Work order:
Write again exactly the lines in the listing below, starting at the line with "Hello Kitty vestida" and ending at the line with "选中图层,鼠标右键,显示图元名称", both included. Pictures are not copied.

Information:
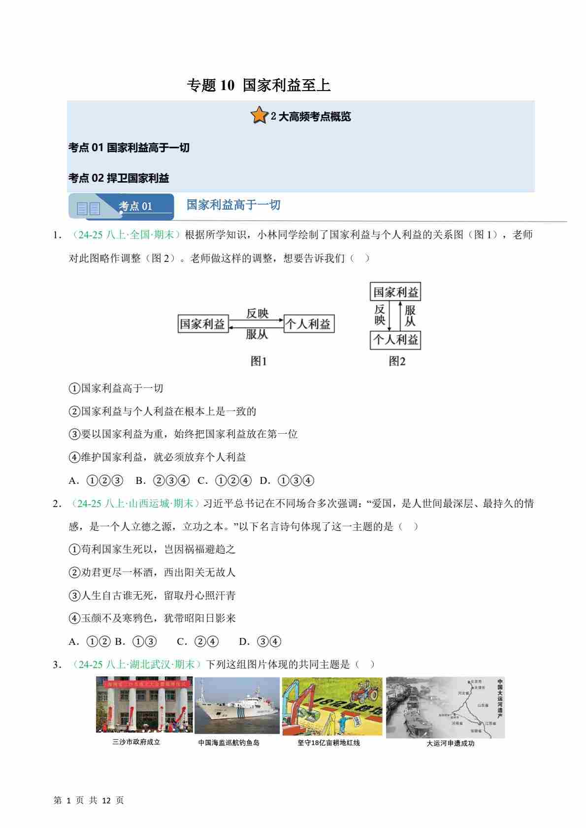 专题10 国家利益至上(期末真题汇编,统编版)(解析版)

--

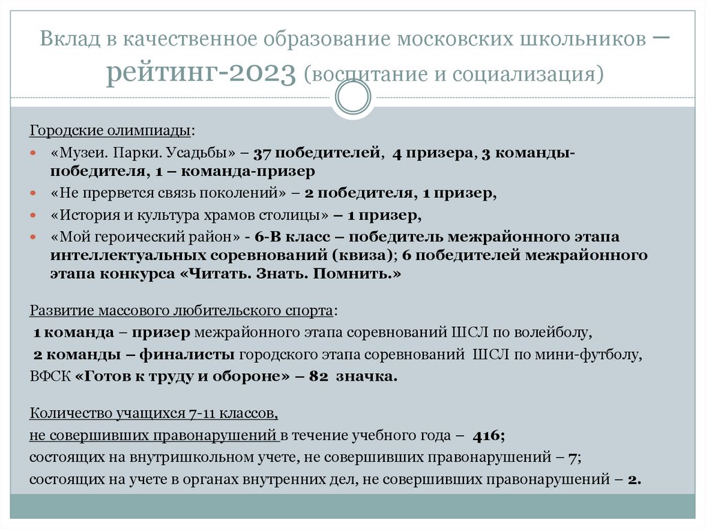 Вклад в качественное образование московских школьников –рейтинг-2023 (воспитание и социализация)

* * *

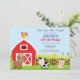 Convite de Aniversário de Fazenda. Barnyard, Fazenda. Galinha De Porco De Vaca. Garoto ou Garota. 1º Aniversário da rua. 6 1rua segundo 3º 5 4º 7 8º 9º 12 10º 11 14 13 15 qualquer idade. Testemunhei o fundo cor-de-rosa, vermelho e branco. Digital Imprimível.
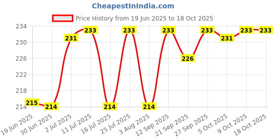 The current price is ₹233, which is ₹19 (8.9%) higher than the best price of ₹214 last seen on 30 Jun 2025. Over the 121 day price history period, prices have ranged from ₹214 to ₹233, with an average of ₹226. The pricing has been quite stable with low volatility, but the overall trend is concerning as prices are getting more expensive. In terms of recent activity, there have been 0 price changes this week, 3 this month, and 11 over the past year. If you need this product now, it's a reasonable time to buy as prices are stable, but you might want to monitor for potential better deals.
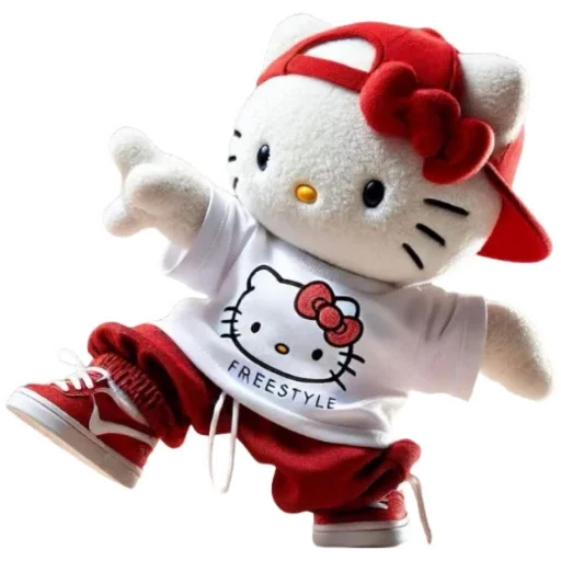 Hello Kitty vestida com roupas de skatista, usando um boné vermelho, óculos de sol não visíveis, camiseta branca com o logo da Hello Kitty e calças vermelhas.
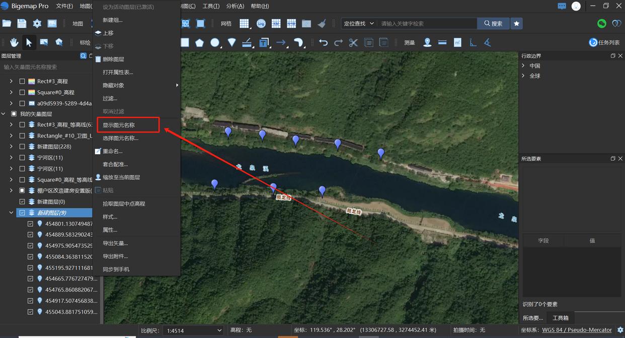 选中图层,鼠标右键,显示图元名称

Result:
 Hello Kitty vestida com roupas de skatista, usando um boné vermelho, óculos de sol não visíveis, camiseta branca com o logo da Hello Kitty e calças vermelhas.
 选中图层,鼠标右键,显示图元名称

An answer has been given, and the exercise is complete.